• _PROBLEM DESCRIPTION_:
Return the lines of the listing below exactly as they appear, beginning at the one with "Arrow Hart Model" and stopping after the one with "3号馆、4号馆及5号馆东侧为"; do not include pictures.

• _SOURCE RECORDS_:

________________________

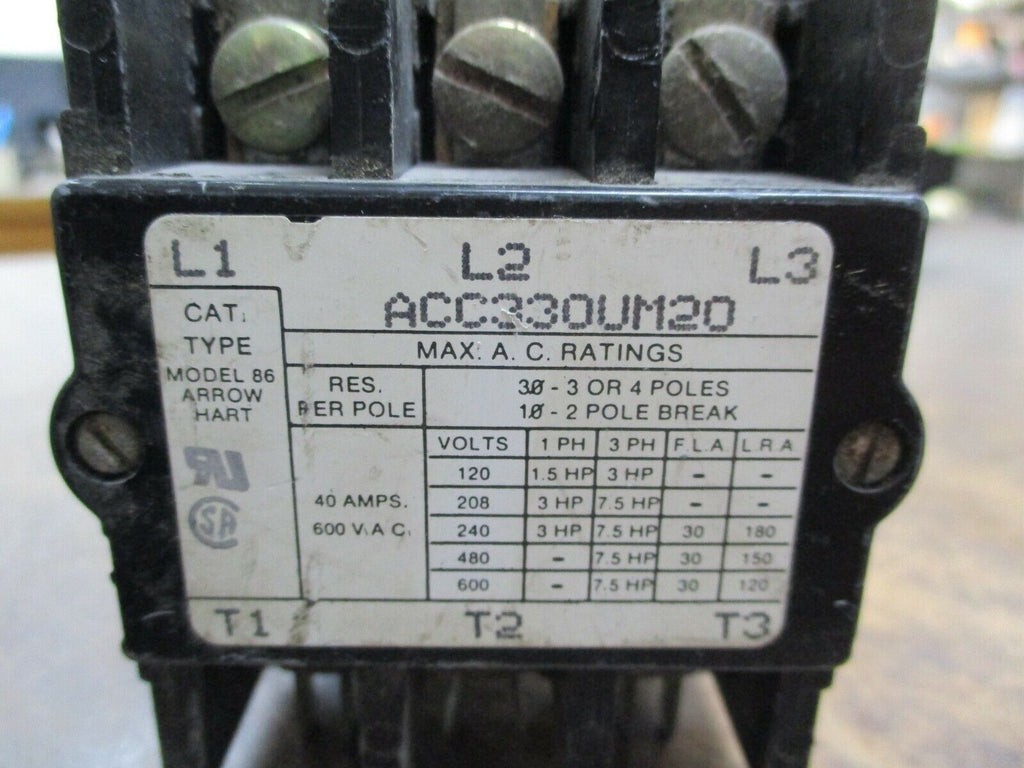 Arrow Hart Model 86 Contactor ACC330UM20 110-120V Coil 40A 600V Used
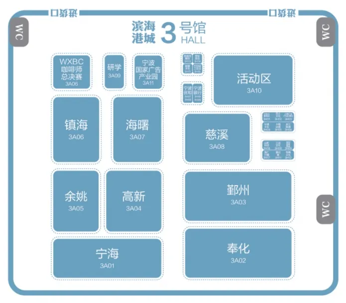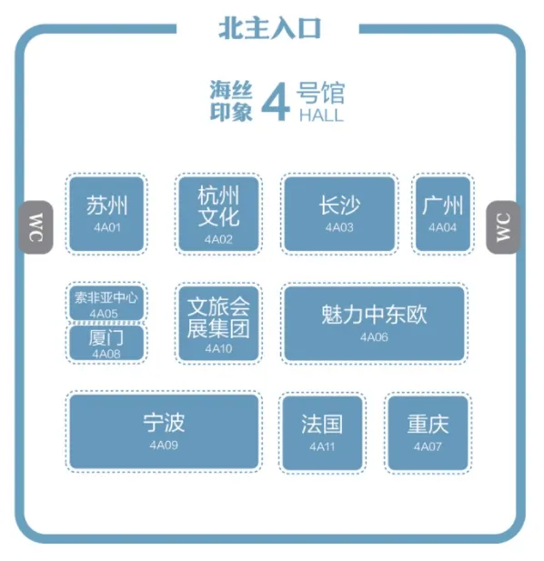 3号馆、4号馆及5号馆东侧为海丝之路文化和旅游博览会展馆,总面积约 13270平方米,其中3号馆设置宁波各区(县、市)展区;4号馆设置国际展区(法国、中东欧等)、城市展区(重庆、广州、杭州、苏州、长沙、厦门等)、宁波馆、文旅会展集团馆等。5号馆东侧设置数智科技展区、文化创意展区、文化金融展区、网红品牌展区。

________________________

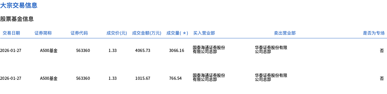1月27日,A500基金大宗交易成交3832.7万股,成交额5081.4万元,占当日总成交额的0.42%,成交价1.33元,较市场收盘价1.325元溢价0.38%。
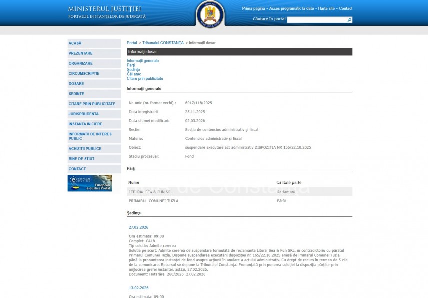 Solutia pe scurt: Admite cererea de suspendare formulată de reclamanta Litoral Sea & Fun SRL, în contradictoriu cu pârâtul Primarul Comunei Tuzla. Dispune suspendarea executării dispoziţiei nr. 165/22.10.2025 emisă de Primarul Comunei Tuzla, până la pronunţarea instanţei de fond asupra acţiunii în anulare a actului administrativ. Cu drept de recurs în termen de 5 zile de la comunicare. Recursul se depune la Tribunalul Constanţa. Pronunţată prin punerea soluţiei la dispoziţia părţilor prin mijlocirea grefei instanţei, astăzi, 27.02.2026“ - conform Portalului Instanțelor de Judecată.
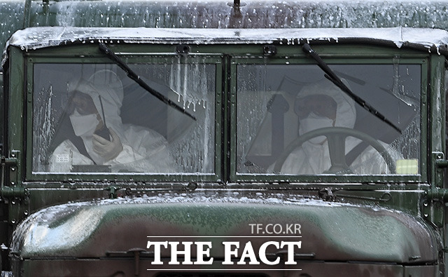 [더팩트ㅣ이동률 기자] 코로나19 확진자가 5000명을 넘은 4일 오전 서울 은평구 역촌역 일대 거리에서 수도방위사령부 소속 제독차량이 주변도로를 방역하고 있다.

________________________

• _TASK OUTPUT_:
 Arrow Hart Model 86 Contactor ACC330UM20 110-120V Coil 40A 600V Used
 3号馆、4号馆及5号馆东侧为海丝之路文化和旅游博览会展馆,总面积约 13270平方米,其中3号馆设置宁波各区(县、市)展区;4号馆设置国际展区(法国、中东欧等)、城市展区(重庆、广州、杭州、苏州、长沙、厦门等)、宁波馆、文旅会展集团馆等。5号馆东侧设置数智科技展区、文化创意展区、文化金融展区、网红品牌展区。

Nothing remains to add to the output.